*EXERCISE BRIEF*: Set down the first line below and each line after it, ending with the one that holds "Various diagnostic methods, including". Pictures do not belong in the copy.

*RECORDED INFORMATION*:

══════════

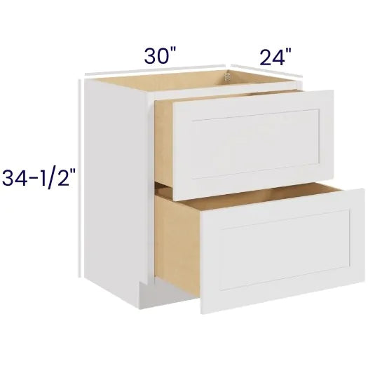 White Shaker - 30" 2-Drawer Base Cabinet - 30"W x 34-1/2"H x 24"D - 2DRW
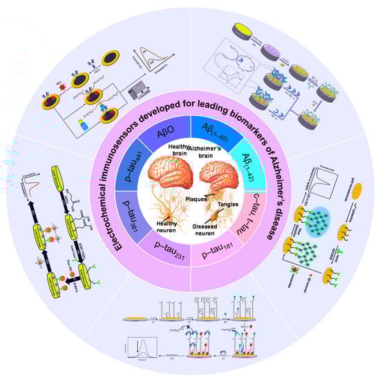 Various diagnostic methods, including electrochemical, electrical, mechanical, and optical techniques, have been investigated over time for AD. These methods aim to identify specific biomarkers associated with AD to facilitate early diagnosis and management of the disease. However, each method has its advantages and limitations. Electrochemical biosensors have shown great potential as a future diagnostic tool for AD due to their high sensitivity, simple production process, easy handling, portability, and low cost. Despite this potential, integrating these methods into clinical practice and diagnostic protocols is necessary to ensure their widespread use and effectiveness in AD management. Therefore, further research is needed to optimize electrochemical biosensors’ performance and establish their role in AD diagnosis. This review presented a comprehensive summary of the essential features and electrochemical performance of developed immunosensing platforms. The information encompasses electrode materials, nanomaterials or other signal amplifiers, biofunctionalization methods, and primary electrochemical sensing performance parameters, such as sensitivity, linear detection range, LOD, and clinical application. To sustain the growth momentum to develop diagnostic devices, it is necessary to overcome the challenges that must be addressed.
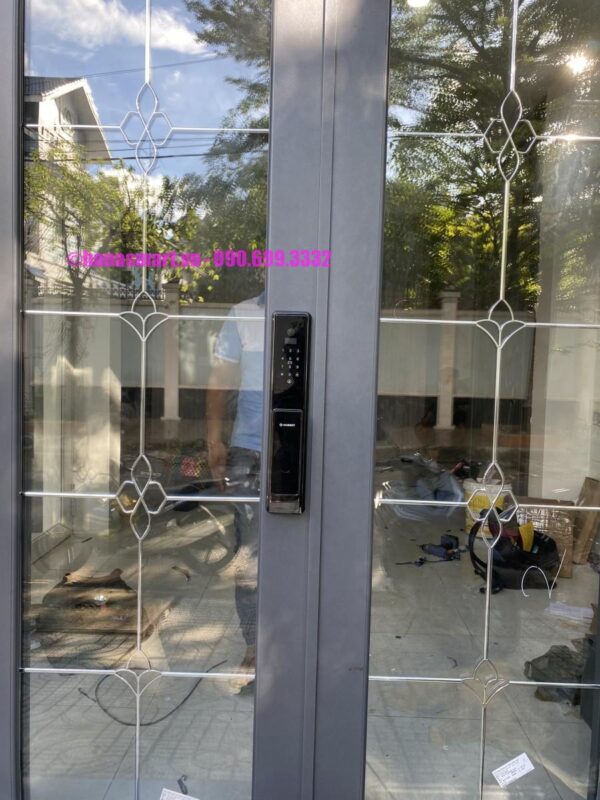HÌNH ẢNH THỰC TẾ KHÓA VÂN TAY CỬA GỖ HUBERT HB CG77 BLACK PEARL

══════════

*EXERCISE OUTPUT*:
 White Shaker - 30" 2-Drawer Base Cabinet - 30"W x 34-1/2"H x 24"D - 2DRW
 Various diagnostic methods, including electrochemical, electrical, mechanical, and optical techniques, have been investigated over time for AD. These methods aim to identify specific biomarkers associated with AD to facilitate early diagnosis and management of the disease. However, each method has its advantages and limitations. Electrochemical biosensors have shown great potential as a future diagnostic tool for AD due to their high sensitivity, simple production process, easy handling, portability, and low cost. Despite this potential, integrating these methods into clinical practice and diagnostic protocols is necessary to ensure their widespread use and effectiveness in AD management. Therefore, further research is needed to optimize electrochemical biosensors’ performance and establish their role in AD diagnosis. This review presented a comprehensive summary of the essential features and electrochemical performance of developed immunosensing platforms. The information encompasses electrode materials, nanomaterials or other signal amplifiers, biofunctionalization methods, and primary electrochemical sensing performance parameters, such as sensitivity, linear detection range, LOD, and clinical application. To sustain the growth momentum to develop diagnostic devices, it is necessary to overcome the challenges that must be addressed.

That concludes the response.